Each week on “The Domoto Brothers,” the Kids go out on the street, usually with a famous musician guest, and play for passers-by. The location is never announced beforehand so as to make the reactions of potential listeners that much more spontaneous. However, the conceit behind the project is that the Domoto Brothers are waiting for their “big break” into show business.

On May 4, the show will mark its 100th installment by remaining in the studio for a performance by the Domotos and their new band that will be broadcast live.
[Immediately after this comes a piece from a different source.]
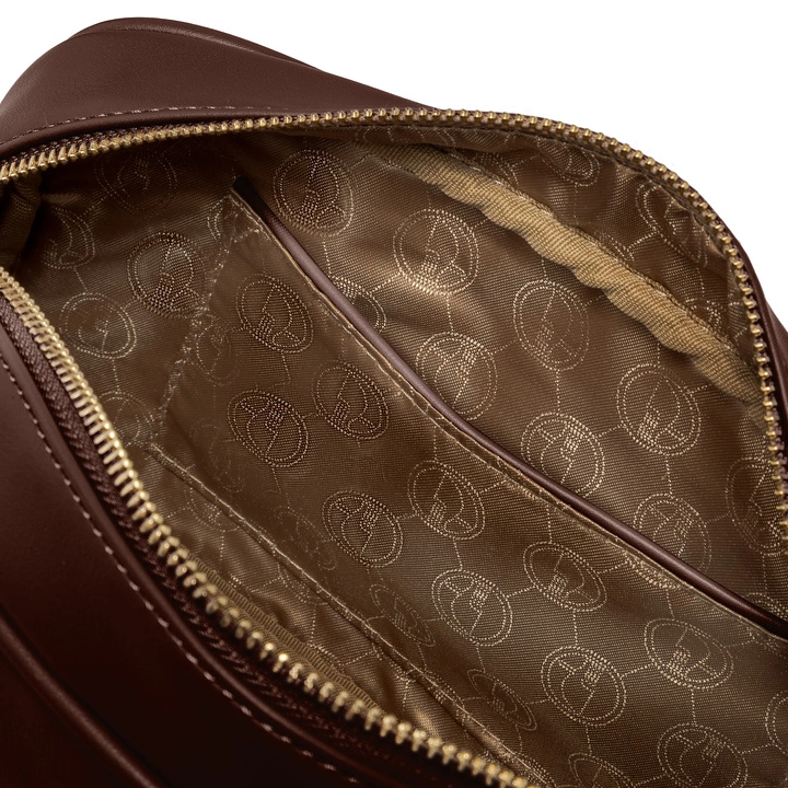 Torebka została wyposażona w krótkie uchwyty oraz odpinany, regulowany pasek które umożliwiają noszenie jej w dłoni, na ramieniu lub crossbody. Wnętrze wyściełane jest logowaną podszewką, a wszystkie elementy metalowe są w kolorze złota.

Alfee guitarist Toshihiko Takamizawa and Puffy’s Yumi Yoshimura will be among the pros backing the two.

It seems that plans to move the nation’s capital out of Tokyo have been shelved indefinitely, a development that certainly pleases recently re-elected Gov. Shintaro Ishihara, who actively campaigned against the move. It wasn’t the first time, however, that moving the capital caused agitation among Japanese leaders.

On May 7 at 9:15 p.m., NHK-G will present a historical documentary, “Japan’s Phantom Plan to Change the Capital,” which is about a controversial scheme to move the seat of government to Osaka at the start of the Meiji Restoration.

In 1868, with the end of the Edo Shogunate, the Meiji Emperor made the journey from the Imperial Palace in Kyoto to Edo Castle, which is now the Imperial Palace in Tokyo. This historic event was preceded by a great deal of backroom negotiations among the various ruling interests. Kyoto had been the capital for 1,000 years, but Toshimichi Okubo, the leader of the influential Satsuma clan from Kagoshima, thought it should be moved to Osaka. Okubo believed that the emperor needed to be separated from the more conservative influences that surrounded him in Kyoto so that he could more readily bring Japan into the modern world after 300 years of isolation under the Shogun. Not surprisingly, the noble class vehemently opposed such a move. Though Osaka and Kyoto seem close to each other by today’s standards, they were considered worlds apart in the mid-1800s. Then there was a third group centered on the remnants of the Shogunate that also opposed moving the capital to Osaka.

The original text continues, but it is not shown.